As well as their phonics books, they will be provided with a book talk book. This book is shared at home and intended to develop their comprehension skills through effective book talk. This enhances the skills we teach in school at home. Parents are supported in facilitating book talk with a ‘Book Talk Bookmark’. This clearly explains to the parent/carer that the children are not expected to read the book independently, but instead to share it and provides some examples of questions they could use to develop skills across the Reading Domains.

Impact

  • Children will be able to successfully decode words, using their knowledge of phonics and tricky words.
  • Children will learn to read fluently as quickly as possible.
  • At least 82% of children will meet the National Expectation in the Phonics Screening Check.
  • Children from Y2 onwards will be able to read age appropriate books.
  • Lowest attaining readers are identified quickly and provided with targeted intervention to make rapid progress.
  • Children will enjoy reading across a range of genres.
  • Children of all abilities will be able to succeed in all reading lessons.
  • Children will have a good knowledge of a range of authors.
  • Children will be ready to read in any subject in their forthcoming education.
  • Parents and carers will have a good understanding of how they can support reading and home.
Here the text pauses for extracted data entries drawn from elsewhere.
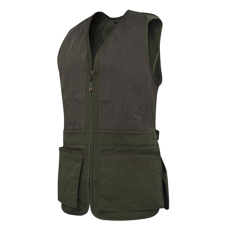 Features: • Cotton shoulder straps, padded • Central YKK zipper. • Pocket compatible with "Beretta Recoil Reducer EVO" (not included) • Spacious front pockets with gussets and microfiber reinforcements • Elastic inserts at the hips • Waist adjustment with snap buttons • System for hanging headphones or a towel on the side • Double-entry rear pocket with microfiber reinforcements • Embroidered Beretta logo • Cut: straight
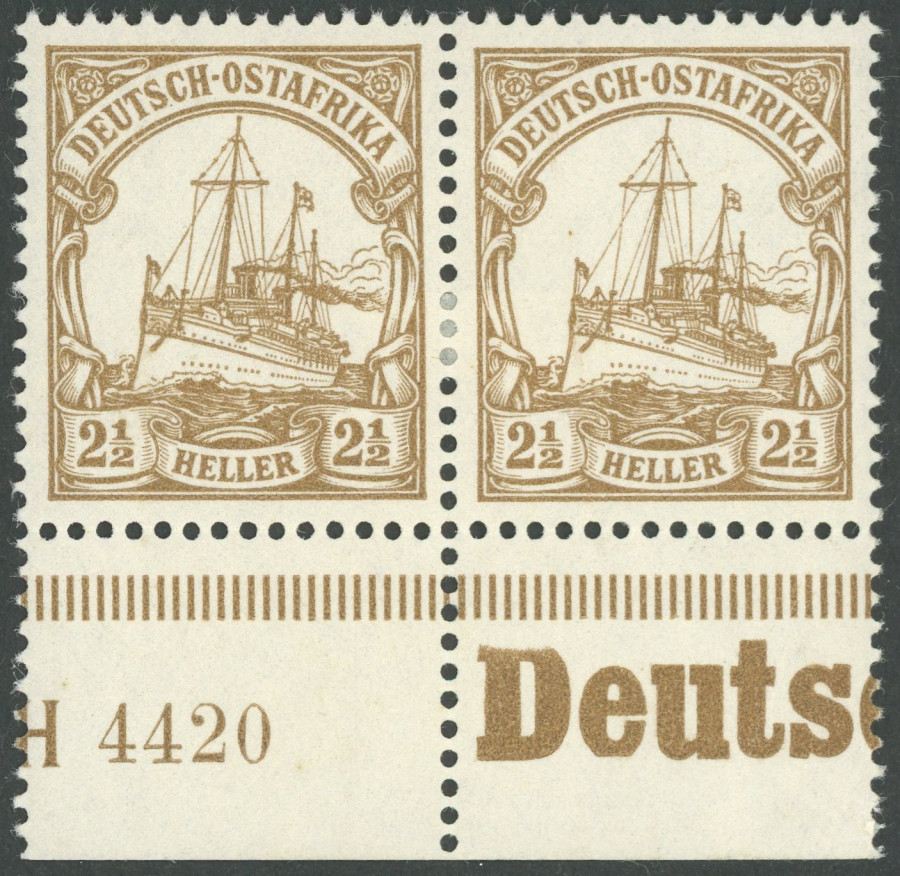 GERMAN EAST AFRICA. 1905, 2 ½ H. ochre-brown, o. watermark, in the horizontal lower margin pair with HAN H 4420, rest of hinge, superb, RRR! photo expertize Jäschke L, (these HAN was to the time of the certificate
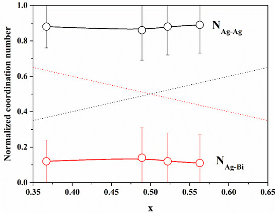 In Figure 5, we report the normalized Ag–Ag and Ag–Bi coordination numbers, as defined above, with the Ag concentration x. It is evident that NAg−Ag is always greater than x and NAg−Bi is always smaller than 1 − x, indicating that there is a tendency for cation ordering (i.e., clustering of similar cations). In order to quantify the degree of cation ordering, we calculated the Cowley [32,33] short-range order parameter, defined as
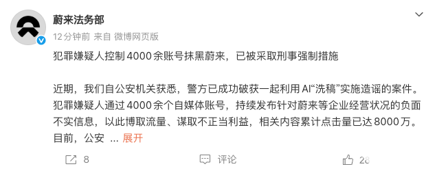 据披露,犯罪嫌疑人通过操控超过4000个自媒体账号,在抖音、快手、微信视频号、小红书等多个主流内容平台,持续、批量发布针对蔚来等企业财务状况和经营前景的负面不实信息。其核心手法是利用AI技术对信息进行“洗稿”重组,以规避平台审核,达到博取流量、谋取不当利益的目的。相关不实内容累计点击量已高达8000万次,造成了恶劣影响。目前,涉案犯罪嫌疑人已被依法采取刑事强制措施,蔚来方面也表示将跟进提起民事诉讼,追索经济损失。
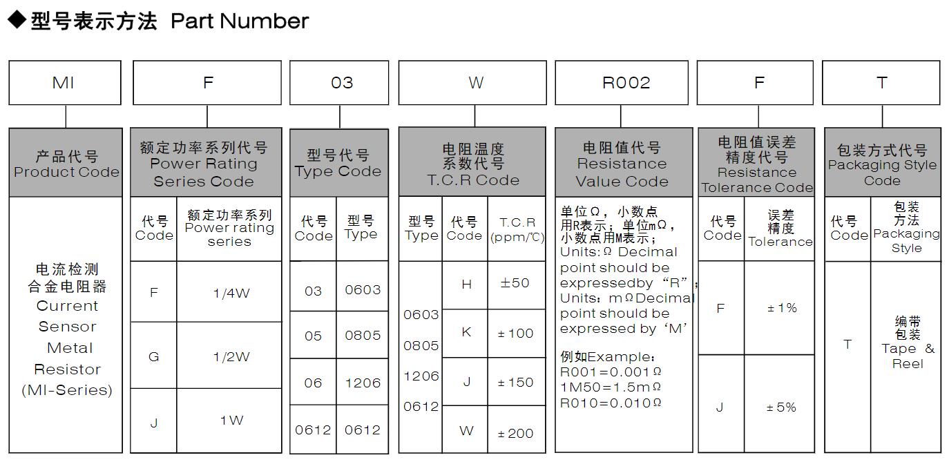 風華高科電流檢測合金電阻器(MI系列)型號命名規則:
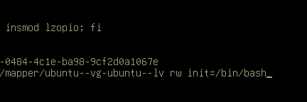 Надо поменять "ro" на "rw init=/bin/bash", вот что должно получиться:
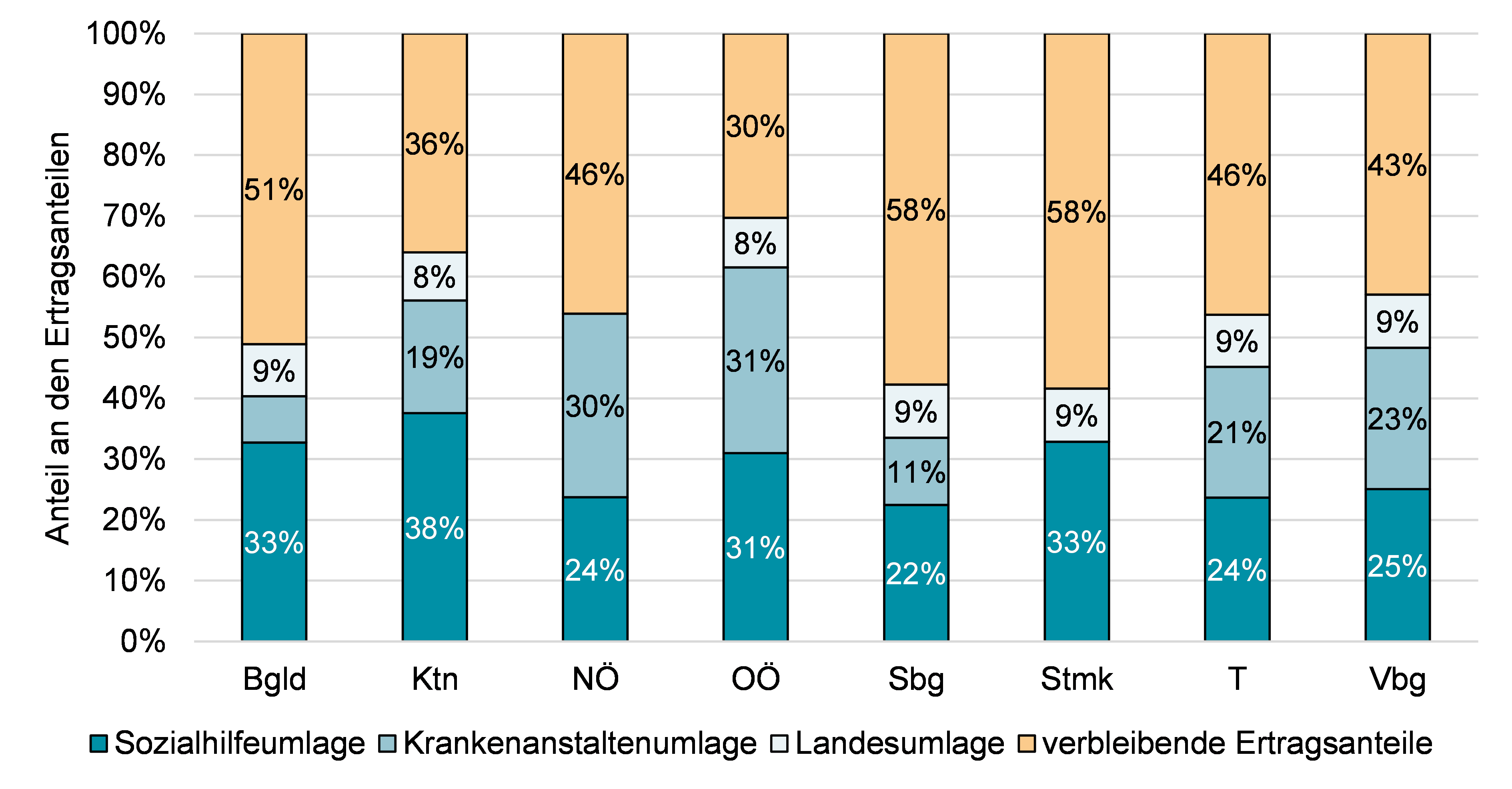 Abbildung 5: Anteil der Umlagen (Sozialhilfe-, Krankenanstalten- und Landesumlage) an den Ertragsanteilen nach Bundesland in Prozent, 2024

In Early Years and Years 1 to 3 they comment in Reading Diaries, providing a dialogue between home and school. In Years 4-6, the children and teacher have a shared dialogue in reading diaries about the books that are read.
  • The % of pupils working at ARE within each year group will be at least in line with national averages.
  • The % of pupils working at Greater Depth within each year group will be at least in line with national averages.
  • There will be no significant gaps in the progress of different groups of pupils (e.g. disadvantaged vs non-disadvantaged).

 

How can I support my child at home?

  1. Listen to your child read. If they come across an unknown word, encourage your child to look for special friends, Fred talk, read the word.
  2. Talk to your child about the story they are reading, discuss, and show them, how they could use a ‘storyteller voice’.
  3. Enjoy time sharing stories together. Read with enthusiasm to your child.
  4. Use a wide range of vocabulary, practice using new vocabulary from the book they are reading in everyday situations throughout the day.